**PROBLEM DETAILS**
Copy the opening lines of the listing exactly, through and including the line with "This beautiful lucky"; do not copy any pictures.

**EXERCISE DATA**
+++
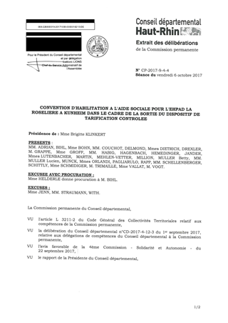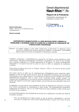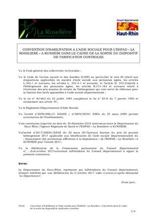CONVENTION D'HABILITATION A L'AIDE SOCIALE POUR L'EHPAD LA ROSELIERE A KUNHEIM DANS LE CADRE DE LA SORTIE DU DISPOSITIF DE TARIFICATION CONTROLEE
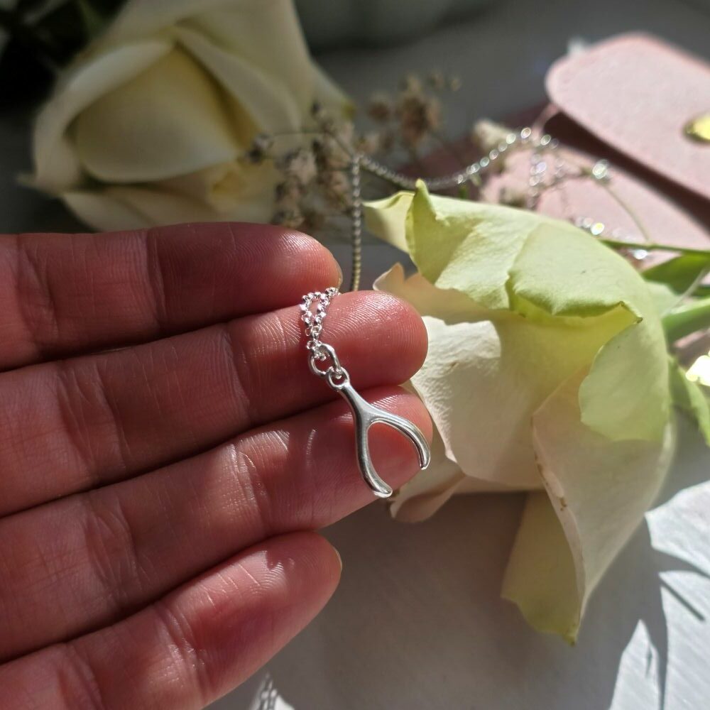 This beautiful lucky charm is a design we have always been super fond of, and has long been chosen by people all around the world for many years as a symbol of luck. This stunning little wishbone measures around 1.2cm in size and is made in solid sterling silver. We have suspended it from our best selling open link silver chain in your choice of length. If you would like to add a birthstone charm to suspend with it, that’s a great way to make it more special and personal! You could even add a lucky month such as a wedding or engagement month instead if you like!
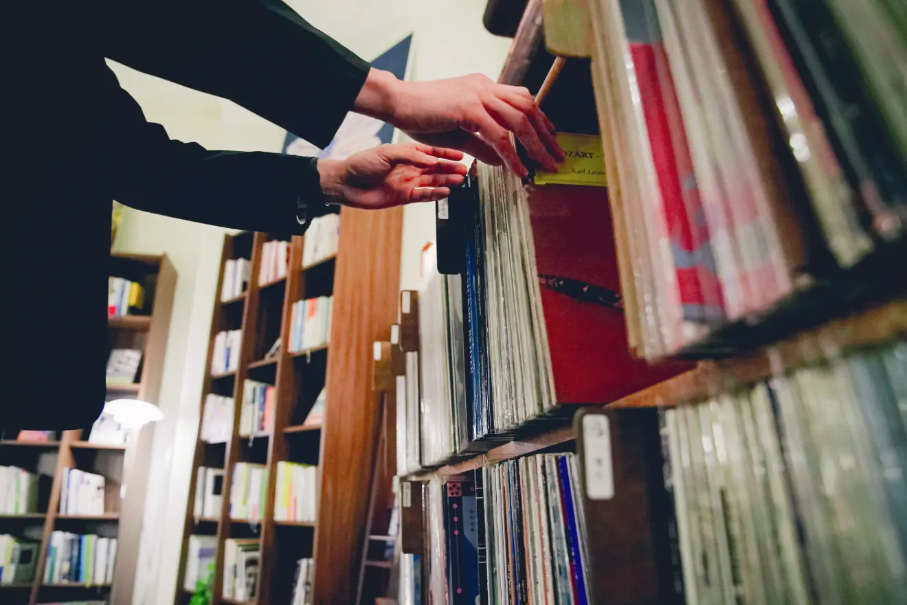 LP를 고르고, 책을 펼치고
+++
**TASK RESPONSE**
CONVENTION D'HABILITATION A L'AIDE SOCIALE POUR L'EHPAD LA ROSELIERE A KUNHEIM DANS LE CADRE DE LA SORTIE DU DISPOSITIF DE TARIFICATION CONTROLEE
 This beautiful lucky charm is a design we have always been super fond of, and has long been chosen by people all around the world for many years as a symbol of luck. This stunning little wishbone measures around 1.2cm in size and is made in solid sterling silver. We have suspended it from our best selling open link silver chain in your choice of length. If you would like to add a birthstone charm to suspend with it, that’s a great way to make it more special and personal! You could even add a lucky month such as a wedding or engagement month instead if you like!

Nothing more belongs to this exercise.